Youth's magic horn
That photo was taken by me as my wife handed out sweets to these young Senegalese footballers. (Football followers will appreciate the irony of my engagement with both Morocco and Senegal.) During our recent travels in Senegal we were struck both by the physical presence and beauty of the people, and by the shocking poverty. 60% of the population is under 30 years old, which is at least partly due to a Senegalese husband being legally allowed up to four wives.
'The Youth's Magic Horn' (Des Knaben Wunderhorn) is the anthology of folk poems from which Gustav Mahler's 'Poor Children's Begging Song' (Armer Kinder Betterlied) for boy's and women's choirs and contralto soloist in his Third Symphony is taken.

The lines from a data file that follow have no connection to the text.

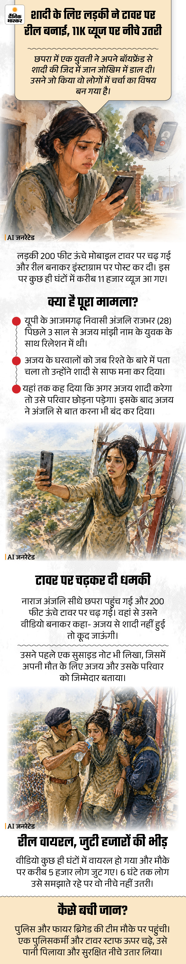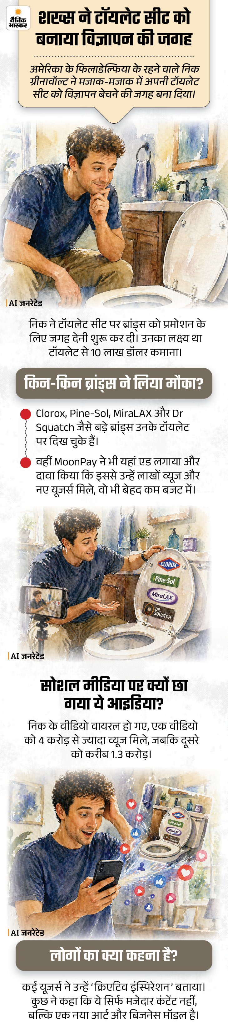 बिहार में एक लड़की शादी के लिए टावर पर चढ़ गई, वहां रील बनाकर पोस्ट कर दी, 11 हजार व्यूज आए तो नीचे उतरी। वहीं, अमेरिका में एक शख्स अपनी टॉयलेट सीट को विज्ञापन दिखाने वाली जगह के तौर पर बेच रहा है। उधर, मुंबई में हाइकोर्ट ने तोते को जंगली जानवर माना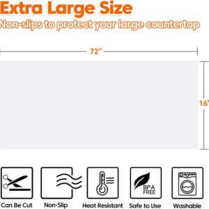Tapete de silicona grande, resistente al calor, de 72 x 16 pulgadas, para encimera, impermeable, cortable, protector de encimera, multiusos, tapete de silicona para encimera de cocina (translúcido)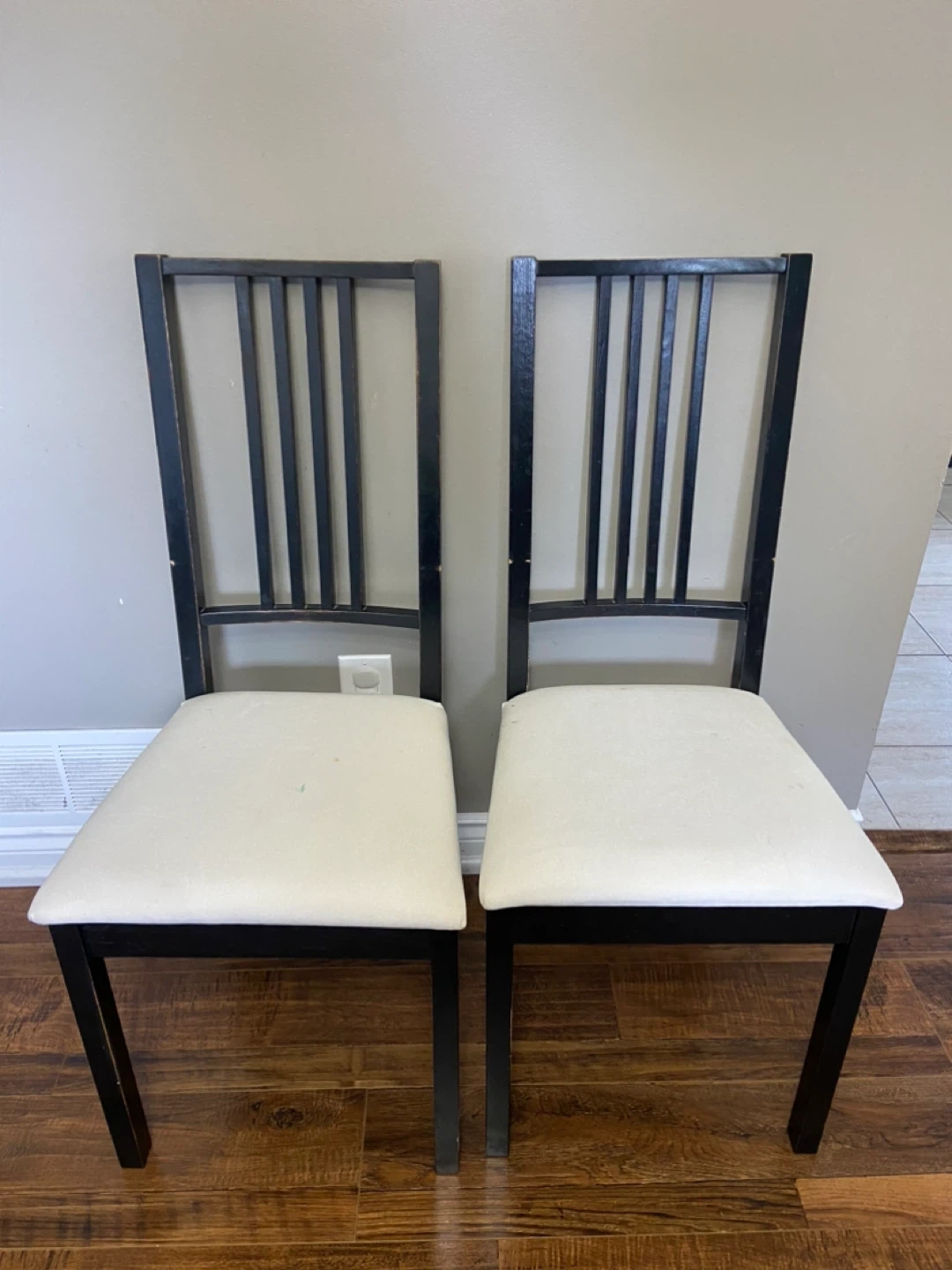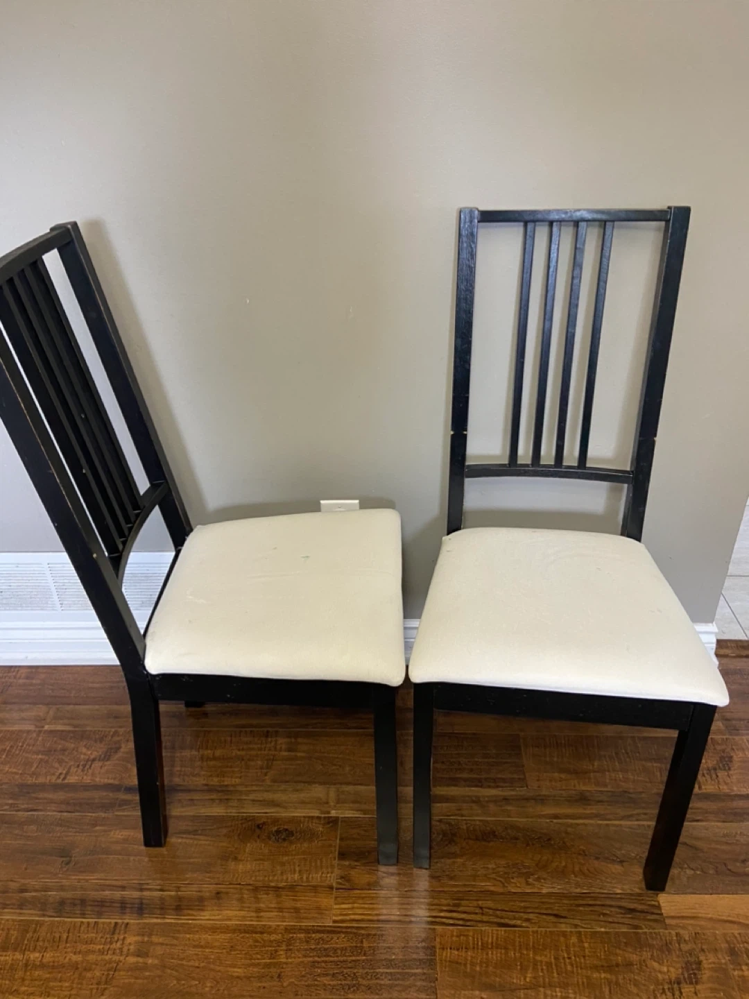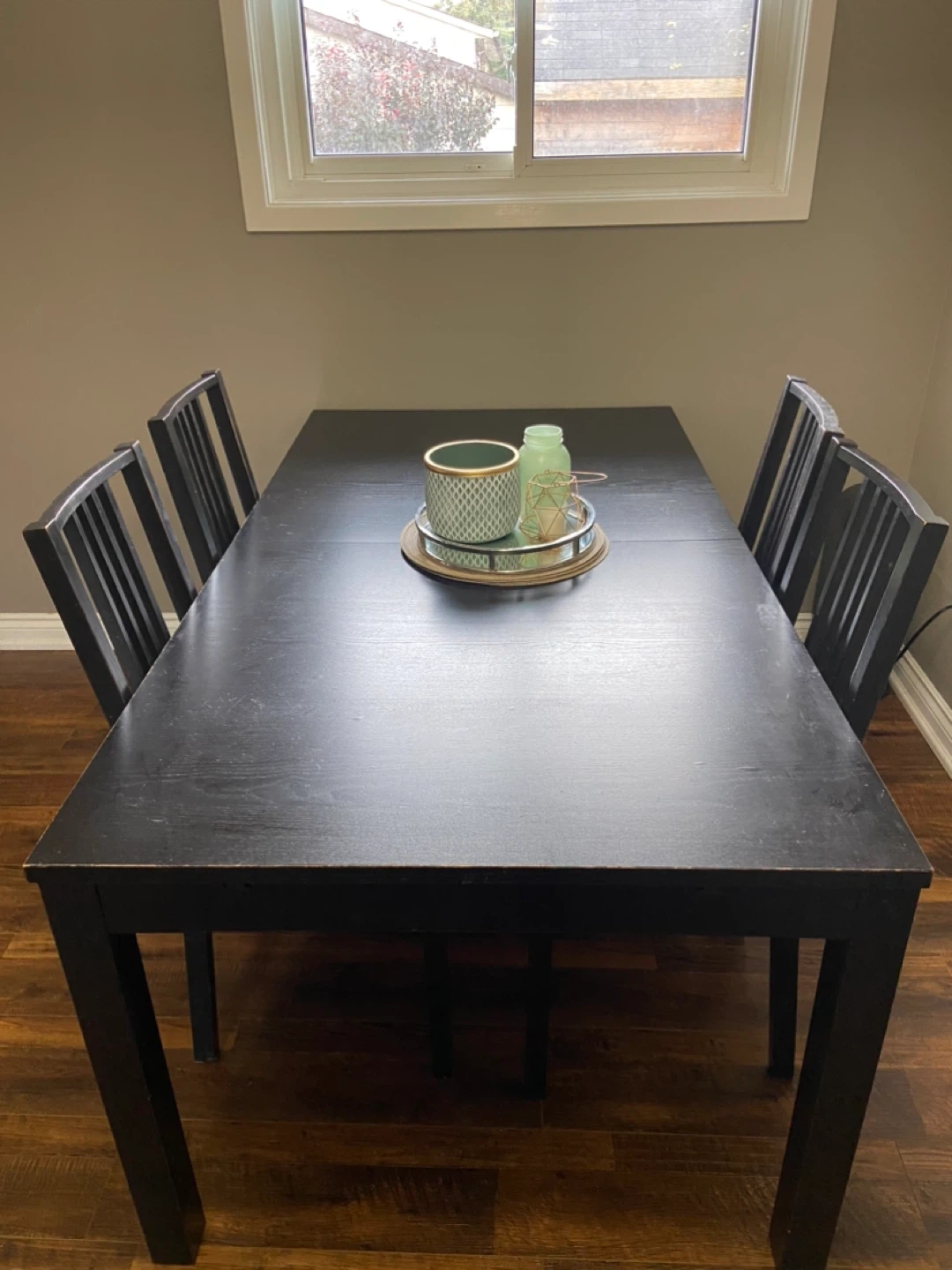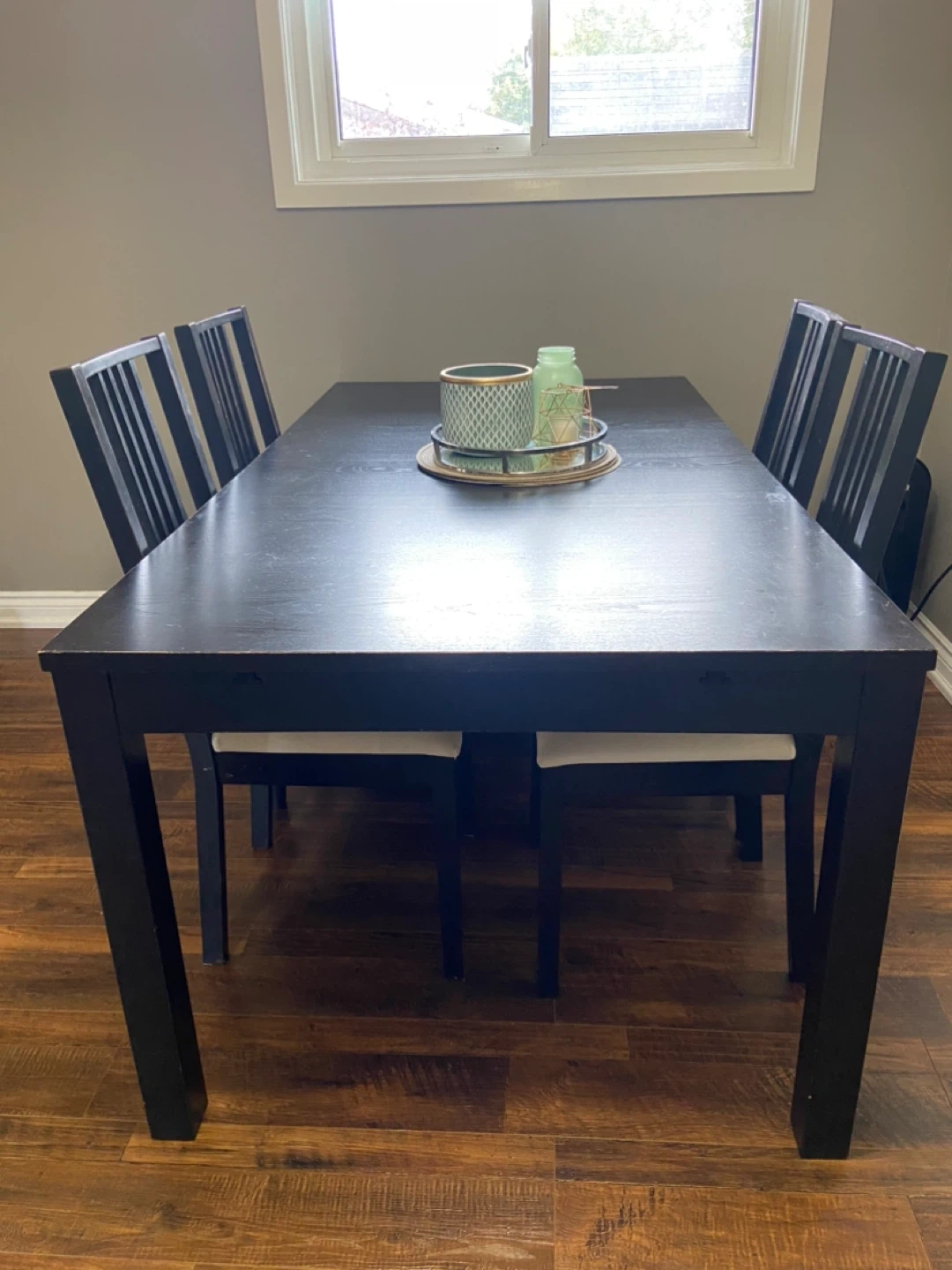 Selling a dining table with a set of four dining chairs. They have a black wooden frame and cream-coloured cushions. They are in good condition and would look great in any dining room! Minor stains on cushions but can be removed

My recent listening has included returning to Jascha Horenstein's recording of this symphony. Horenstein (1898 to 1973) was a truly great interpreter of of Bruckner and Mahler, and his recording of the latter's Third Symphony is among the finest committed to record.

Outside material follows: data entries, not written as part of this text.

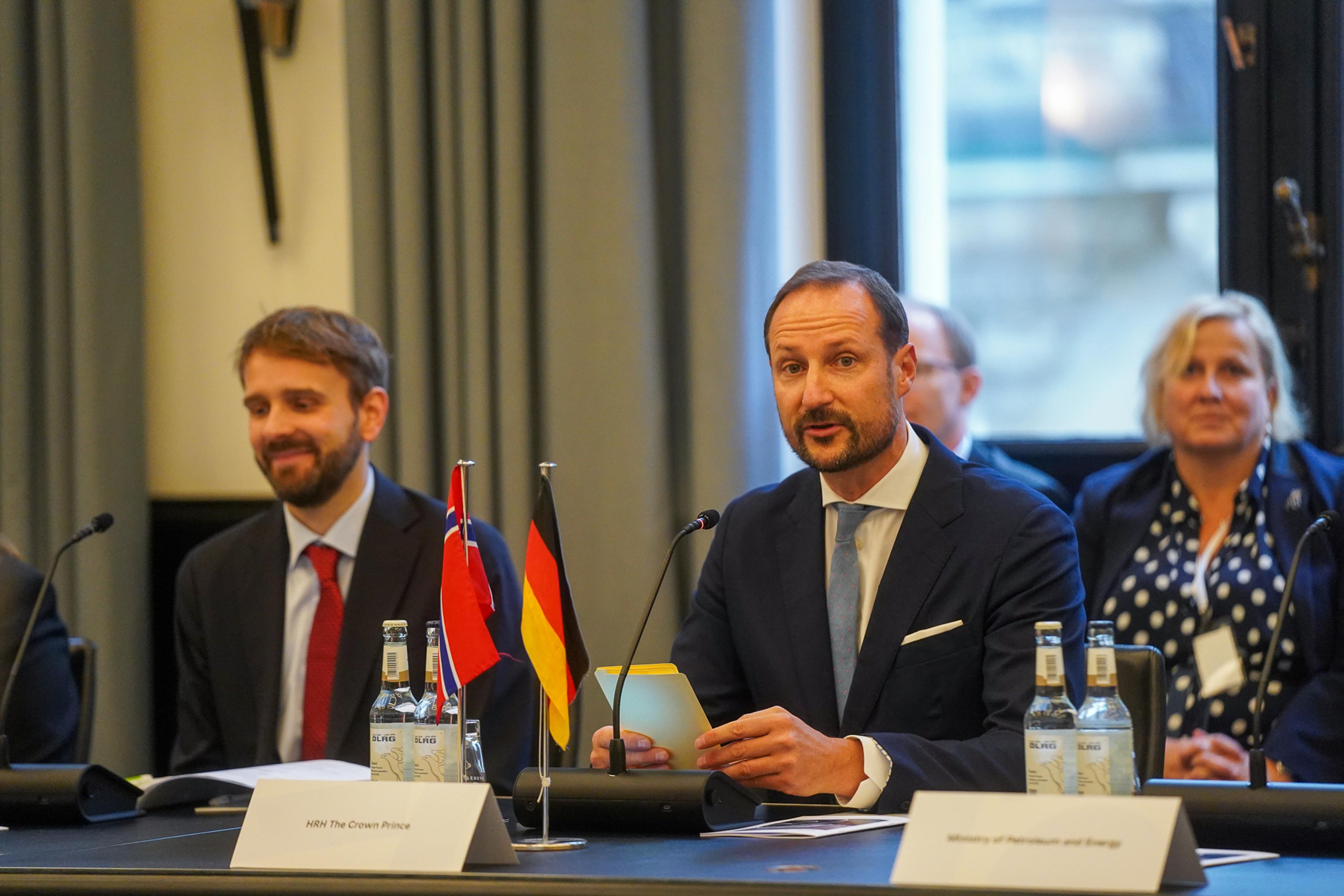 Kronprins Haakon startet dagen på en høynivå-rundebordskonferanse om hydrogen. Sammen jobber Norge og Tyskland med å utforske mulighetene for verdikjeder innenfor hydrogen- og lavkarbonløsninger.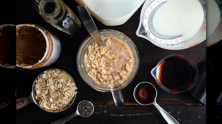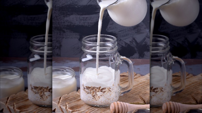 The next time you make overnight oats, make sure that you don't leave them sitting out on the counter for too long. Leaving them out for too long — either when you're in the process of combining the ingredients or the following morning before you start eating them — can threaten your health. Milk is a perishable ingredient. Whether mixed in with the oats or alone, it should not remain out of the fridge for longer than two hours at the most.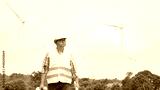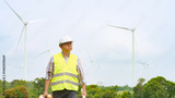 Engineer walking through wind farm with toolbox and blueprint for renewable energy maintenance and inspection

For the Unicorn-Kanchana sessions the London Symphony Orchestra was on top form, and the recording shows its age by being better in every respect than recent recordings of this work. Today recordings are considered 'great' if they make a state-of-the-art audio system sound state-of-the-art. But a truly superlative recording, like this Mahler Three engineered by Bob Auger, makes a state-of-the-art system disappear, and that is the acid test of recorded sound quality. When I listened to Jascha Horenstein's Mahler Three yesterday evening my B&W Nautilus 803 speakers vanished, and I was sitting in Croydon's Fairfield Halls in 1970 listening to a master Mahlerian at work.